If we look at this figure for one year, it comes to Rs 72,000. Now, if Rs 72,000 are invested somewhere… generally people find PPF safe as it offers guaranteed returns and assured income, plus it also give people tax exemption up to rs 150,000.
Surely, one can get good returns and safe investment is PPF. But, what Public Provident Fund (PPF) can not do easily, SIP can do and help you accumulate Rs 2 crore.
The calculation is given below.
15 years of investment in PPF
A conservative investor invests their money in government guaranteed instruments like Public Provident Fund (PPF).
Its specialty is that the money invested, the interest received on it, and the entire amount received on maturity are tax free.

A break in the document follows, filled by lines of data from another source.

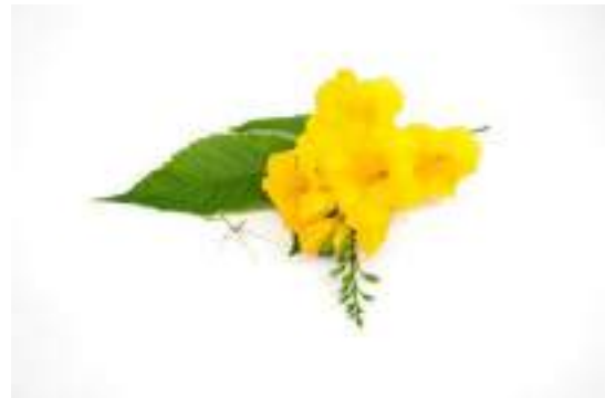
The Tecoma Chrysostricha - the flower of Brazil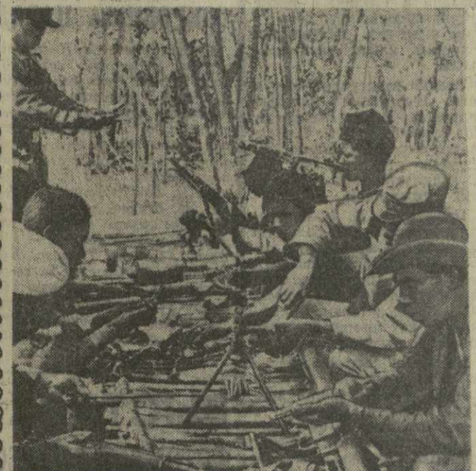
С оружием в руках стойко сражается народ Анголы за освобождение страны от португальских колонизаторов. Хорошо вооруженные и обученные отряды армии, организованной и руководимой МПЛА (Народное движение за освобождение Анголы), совершают смелые операции против врага. На снимке: чистка и проверка оружия в одном из отрядов МПЛА.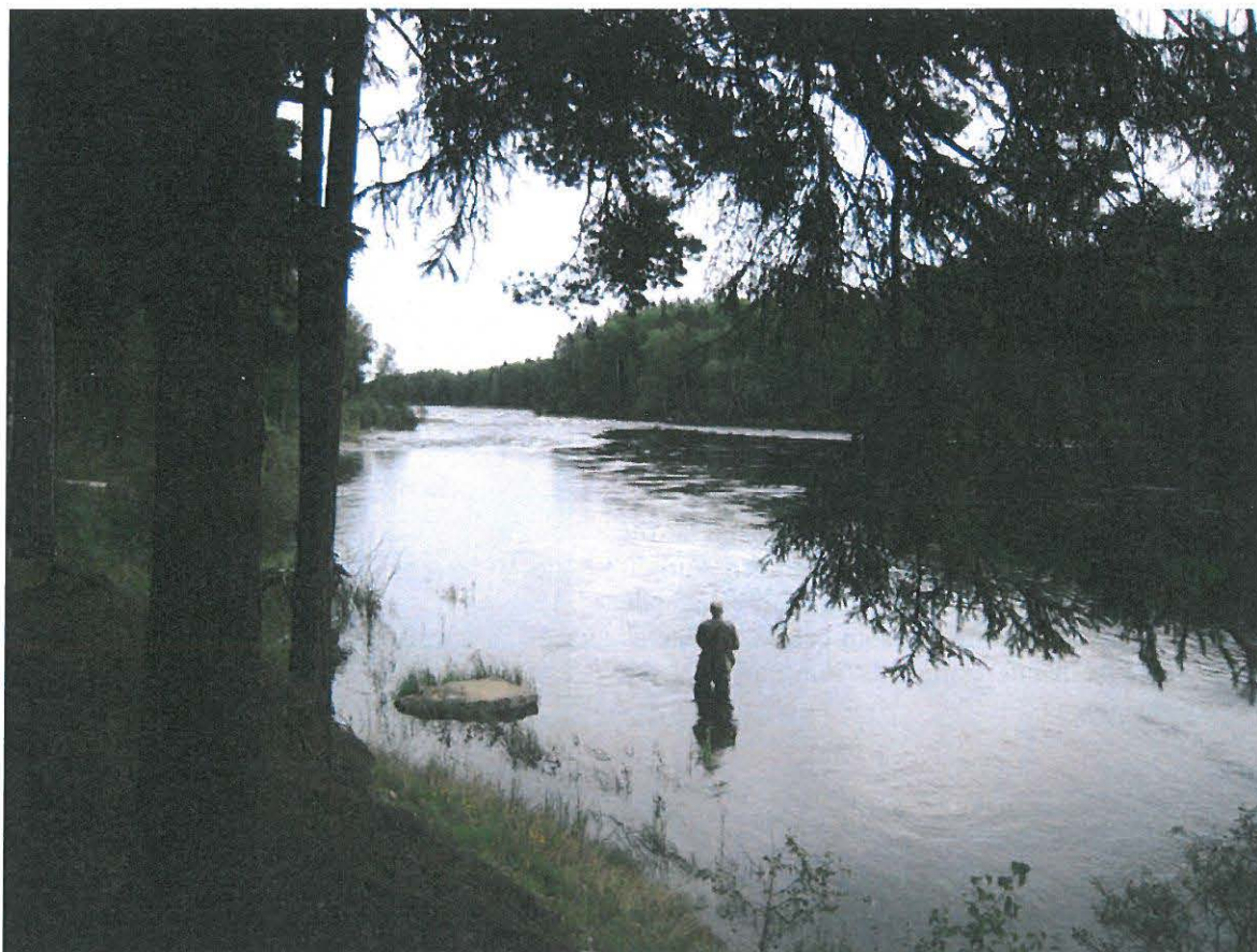
Nedre Dalälven är attraktiv för fritidsfiske.

Dalälven flyter genom kommunen och i anslutning till älven ligger bl.a. Avesta tätort, Krylbo, Karlbo, Folkkärna, Näs bruk och By.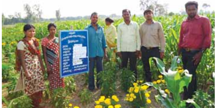
రెడ్లప్ప పొలంలో బోర్డరు పంట మొక్కజొన్న మరియు బంతిపూలు మిరపసాగు ప్రదర్శన క్షేత్రం

“నా లాభం నాలుగురెట్లు ఎక్కువ” అని రెడ్లప్ప గర్వంగా చెబుతున్నాడు.

If you invest Rs 6,000 every month in PPF, your investment in a year will be Rs 72,000.
By investing regularly, this amount will be Rs 19 lakh 52 thousand 740 in a period of 15 years.
Fifteen years is the minimum maturity limit of PPF.
If you invest money in PPF for 20 years...
If you keep depositing this amount in PPF for 20 years, the amount will be Rs 31 lakh 95 thousand 978 lakh.
Now if we extend it for 5 more years, we will get Rs 49 lakh 47 thousand 847.
The thing to note here is that PPF is a safe investment.
But, its interest rate is fixed every three months.
Here, we have calculated the current interest rate according to 7.1 per cent only.
If you invest Rs 6000/month in SIP
If you deposit your money in a mutual fund SIP every month for 25 years and get a return of 10 per cent, the value of your investment will be Rs 80 lakh 27 thousand 342 at maturity.
Now if you extend the same investment to 30 years, the return you will get will be Rs 1 crore 36 lakh 75 thousand 952.
Now understand the calculation of Rs 2 crore
Experts consider 10 per cent return to be very normal and conservative. It is normal to get 12 per cent returns in diversified funds.
According to this rate, in 25 years this amount will be Rs 1 crore 13 lakh 85 thousand 811, and in 30 years, this money will increase to Rs 2 crore 11 lakh 79 thousand 483.